Give every line of the material back exactly, images removed.
******************************
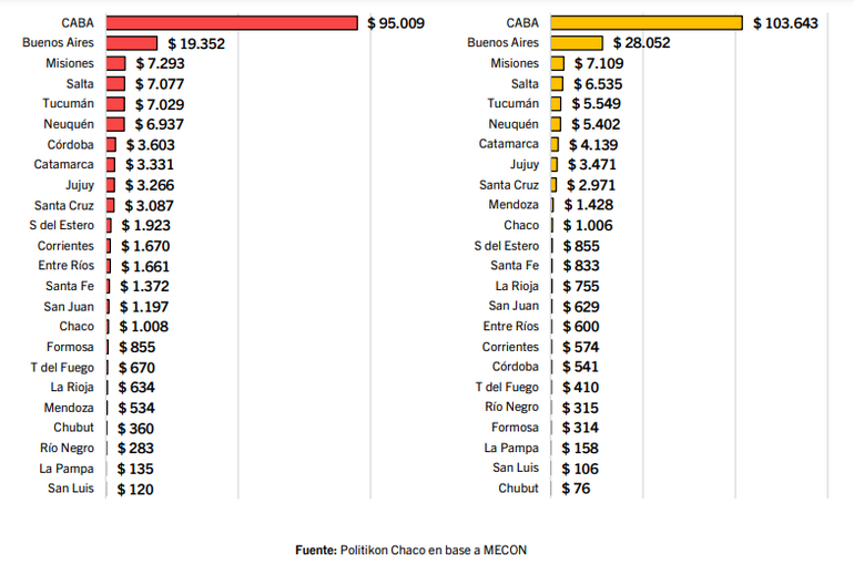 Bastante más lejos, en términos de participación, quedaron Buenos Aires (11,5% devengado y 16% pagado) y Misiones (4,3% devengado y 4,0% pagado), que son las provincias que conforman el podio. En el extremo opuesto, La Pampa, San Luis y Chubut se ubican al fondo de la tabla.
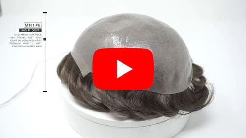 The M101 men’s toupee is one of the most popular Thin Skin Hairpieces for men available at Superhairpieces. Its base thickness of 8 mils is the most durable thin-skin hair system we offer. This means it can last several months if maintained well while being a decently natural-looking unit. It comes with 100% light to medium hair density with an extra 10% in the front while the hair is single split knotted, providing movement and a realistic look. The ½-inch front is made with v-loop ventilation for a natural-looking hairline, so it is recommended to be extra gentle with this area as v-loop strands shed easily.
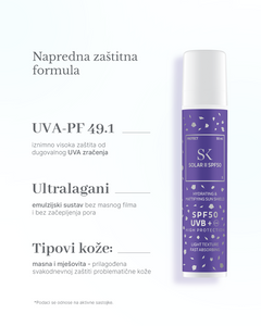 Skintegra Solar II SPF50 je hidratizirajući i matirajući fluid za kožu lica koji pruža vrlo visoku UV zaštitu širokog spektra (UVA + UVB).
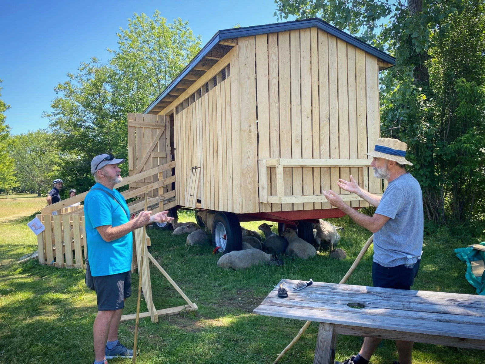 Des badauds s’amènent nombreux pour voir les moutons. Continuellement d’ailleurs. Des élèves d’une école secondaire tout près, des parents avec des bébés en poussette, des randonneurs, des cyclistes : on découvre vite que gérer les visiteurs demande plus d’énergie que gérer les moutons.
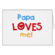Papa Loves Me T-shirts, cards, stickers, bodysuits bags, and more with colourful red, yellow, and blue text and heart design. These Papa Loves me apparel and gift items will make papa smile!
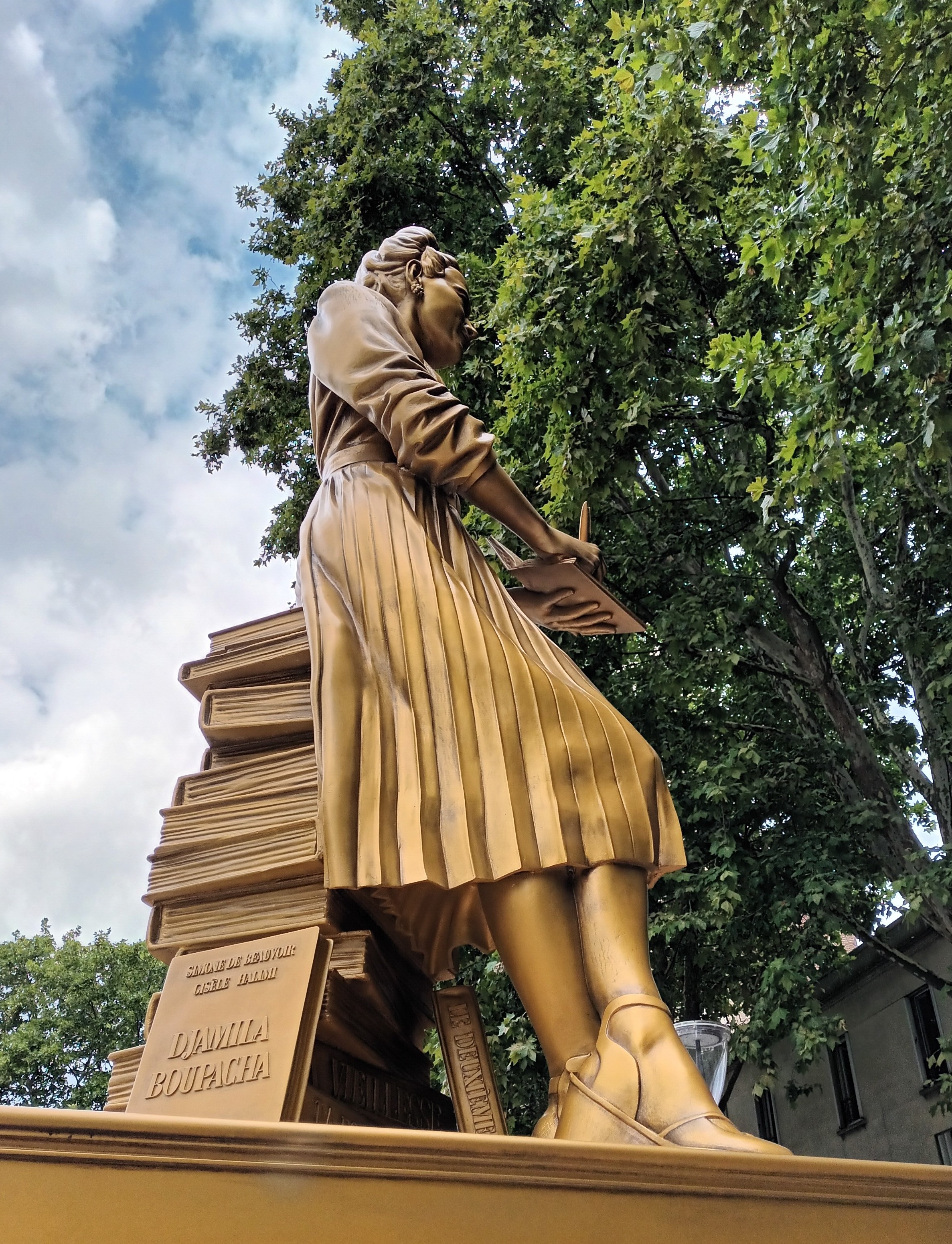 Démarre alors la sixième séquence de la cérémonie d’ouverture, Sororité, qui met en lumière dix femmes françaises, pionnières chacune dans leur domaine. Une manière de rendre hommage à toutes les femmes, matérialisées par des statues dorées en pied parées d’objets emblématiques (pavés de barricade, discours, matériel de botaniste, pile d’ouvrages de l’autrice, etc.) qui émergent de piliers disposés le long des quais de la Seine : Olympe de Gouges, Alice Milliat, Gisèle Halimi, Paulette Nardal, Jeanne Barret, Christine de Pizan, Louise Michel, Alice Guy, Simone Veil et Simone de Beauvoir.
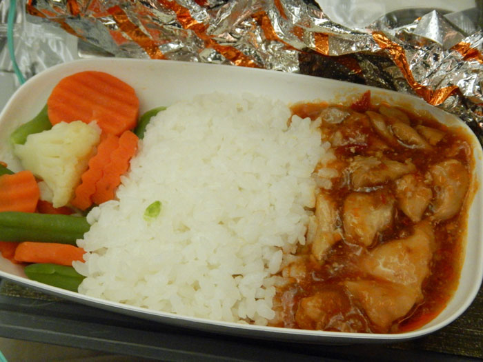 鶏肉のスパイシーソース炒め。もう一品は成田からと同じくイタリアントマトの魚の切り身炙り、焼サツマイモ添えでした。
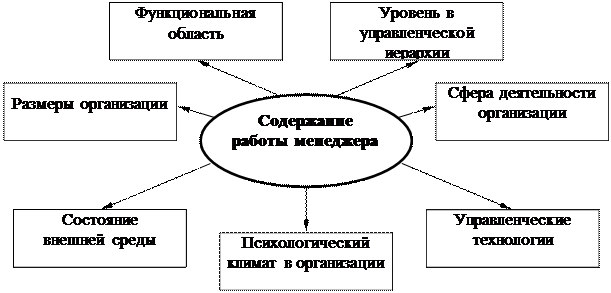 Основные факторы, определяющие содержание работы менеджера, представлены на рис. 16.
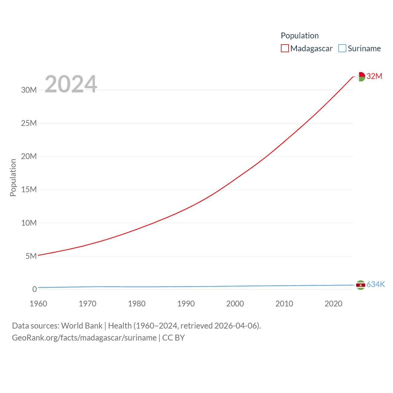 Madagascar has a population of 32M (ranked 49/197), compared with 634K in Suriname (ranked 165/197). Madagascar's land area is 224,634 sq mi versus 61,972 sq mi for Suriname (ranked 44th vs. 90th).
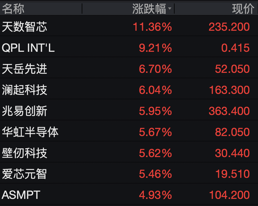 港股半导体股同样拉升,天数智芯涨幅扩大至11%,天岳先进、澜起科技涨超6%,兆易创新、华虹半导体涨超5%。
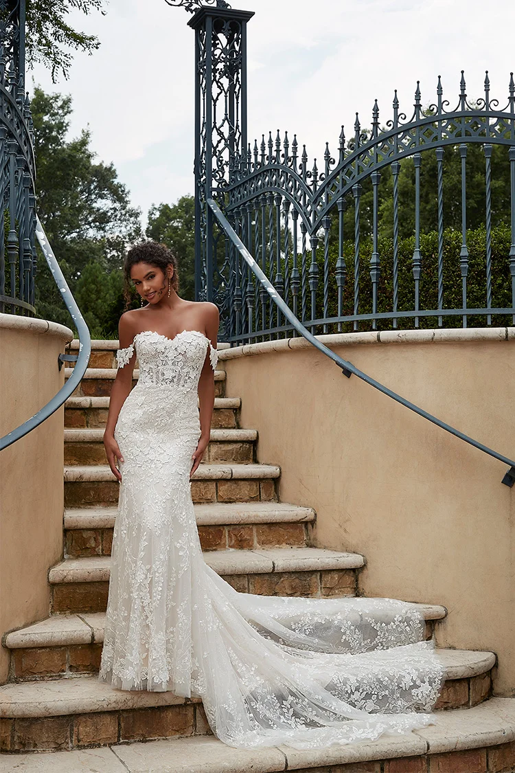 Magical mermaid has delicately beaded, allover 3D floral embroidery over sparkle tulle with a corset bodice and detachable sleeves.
******************************
--- RESULT FOR THIS EXERCISE ---
 Bastante más lejos, en términos de participación, quedaron Buenos Aires (11,5% devengado y 16% pagado) y Misiones (4,3% devengado y 4,0% pagado), que son las provincias que conforman el podio. En el extremo opuesto, La Pampa, San Luis y Chubut se ubican al fondo de la tabla.
 The M101 men’s toupee is one of the most popular Thin Skin Hairpieces for men available at Superhairpieces. Its base thickness of 8 mils is the most durable thin-skin hair system we offer. This means it can last several months if maintained well while being a decently natural-looking unit. It comes with 100% light to medium hair density with an extra 10% in the front while the hair is single split knotted, providing movement and a realistic look. The ½-inch front is made with v-loop ventilation for a natural-looking hairline, so it is recommended to be extra gentle with this area as v-loop strands shed easily.
 Skintegra Solar II SPF50 je hidratizirajući i matirajući fluid za kožu lica koji pruža vrlo visoku UV zaštitu širokog spektra (UVA + UVB).
 Des badauds s’amènent nombreux pour voir les moutons. Continuellement d’ailleurs. Des élèves d’une école secondaire tout près, des parents avec des bébés en poussette, des randonneurs, des cyclistes : on découvre vite que gérer les visiteurs demande plus d’énergie que gérer les moutons.
Papa Loves Me T-shirts, cards, stickers, bodysuits bags, and more with colourful red, yellow, and blue text and heart design. These Papa Loves me apparel and gift items will make papa smile!
 Démarre alors la sixième séquence de la cérémonie d’ouverture, Sororité, qui met en lumière dix femmes françaises, pionnières chacune dans leur domaine. Une manière de rendre hommage à toutes les femmes, matérialisées par des statues dorées en pied parées d’objets emblématiques (pavés de barricade, discours, matériel de botaniste, pile d’ouvrages de l’autrice, etc.) qui émergent de piliers disposés le long des quais de la Seine : Olympe de Gouges, Alice Milliat, Gisèle Halimi, Paulette Nardal, Jeanne Barret, Christine de Pizan, Louise Michel, Alice Guy, Simone Veil et Simone de Beauvoir.
 鶏肉のスパイシーソース炒め。もう一品は成田からと同じくイタリアントマトの魚の切り身炙り、焼サツマイモ添えでした。
 Основные факторы, определяющие содержание работы менеджера, представлены на рис. 16.
 Madagascar has a population of 32M (ranked 49/197), compared with 634K in Suriname (ranked 165/197). Madagascar's land area is 224,634 sq mi versus 61,972 sq mi for Suriname (ranked 44th vs. 90th).
 港股半导体股同样拉升,天数智芯涨幅扩大至11%,天岳先进、澜起科技涨超6%,兆易创新、华虹半导体涨超5%。
 Magical mermaid has delicately beaded, allover 3D floral embroidery over sparkle tulle with a corset bodice and detachable sleeves.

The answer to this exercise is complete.